Owner s Compensation Sometimes, owner/operators pay themselves higher than normal compensation. Other times, an owner takes out just enough to meet his current needs. If a minority interest in a company is being appraised, it is often assumed that a minority shareholder cannot do much to change the actual compensation practices of the company. In that case, no compensation adjustment is made. If a controlling interest is being appraised, then the fair market value standard implies that a controlling shareholder would operate the company in a manner that maximizes shareholder value. Under this premise, it is common to adjust owner s compensation to a level comparable with prevailing market rates. Owner s compensation adjustments can impact value significantly. The value of a company is often estimated by applying a multiple of earnings. If the value is determined to be six times earnings, for example, an adjustment of $10,000 to owner s compensation will have a $60,000 (6.0 x $10,000) impact on the value of the company. Therefore, selection of market-level compensation should be done with great care. Data sources used should be cited, and the appraiser should consider factors such as the size and financial performance of the company, industry and local conditions, and the specific duties of the individual. Market compensation should reflect what would be required to replace the subject individual. Personal Goodwill vs. Professional Goodwill Personal goodwill relates to the intangible value associated with an individual. It is considered to be difficult if not impossible to transfer. Professional goodwill relates to the intangible value associated with a business. Professional goodwill consists of intangible assets that are owned by the company. Professional goodwill is not diminished with the departure of an individual employee from the business. In many states, personal goodwill is not a marital asset while professional goodwill is considered to be a marital asset. To ascertain whether personal goodwill exists, the intangible assets that generate value should be identified. These may include customer relationships, customer lists, distribution systems, proprietary processes, an established workforce, brand recognition, etc. To the extent that intangible assets are owned by the company, rather than the individual, then the intangible assets represent corporate, not personal goodwill. Key questions to consider include:

Are trademarks and patents property of the company? Do key employees have employment contracts with the company? Are contracts with customers and vendors with the company? How much of the business s proprietary knowledge is transferable to another individual? Do important relationships interact with just the owner or with other employees? Buy/Sell Agreements Sometimes there are other owners of a business, in addition to the parties involved in a divorce. Discord relating to business ownership often results when there is no definitive method for dividing the entity. A buy/sell agreement can alleviate time and expense involved in the division of a business entity. Buy/sell agreements often include guidelines for the division of the asset, including a price or formula for determining the fair market value of the company s stock.
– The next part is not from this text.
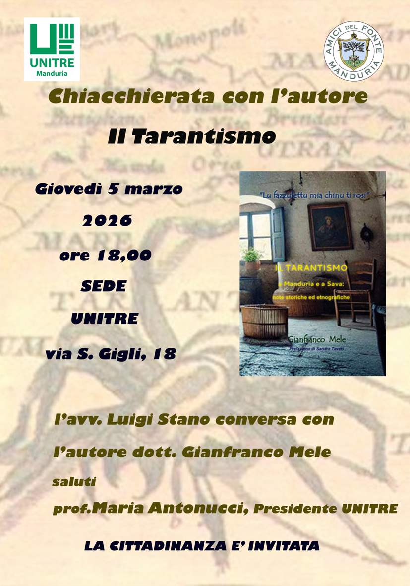 Per Chiacchierata con l’Autore giovedì 5 marzo, alle ore 18, nella sede UNITRE, via Salvatore Gigli n.18, Luigi Stano converserà con Gianfranco Mele, sociologo, studioso di tradizioni popolari, etnografie, autore di «Lu fazzulettu mia chinu ti rosi». Il tarantismo a Manduria e a Sava. Note storiche ed etnografiche.

In estimating the fair market value of a business, the existence of a buy/sell agreement (or similar shareholder agreement) must be considered. The following questions should be considered to determine if the agreement is controlling: The terms of the agreement must be based on fair market value concepts. If the buy/sell agreement was followed for a transaction between independent businesspeople, then it may be the determining indicator of value in the divorce case. If the agreement has been used as the basis of a transaction between family members, it may or may not hold, since the parties are related. If the buy/sell agreement has never been followed, its impact is further weakened.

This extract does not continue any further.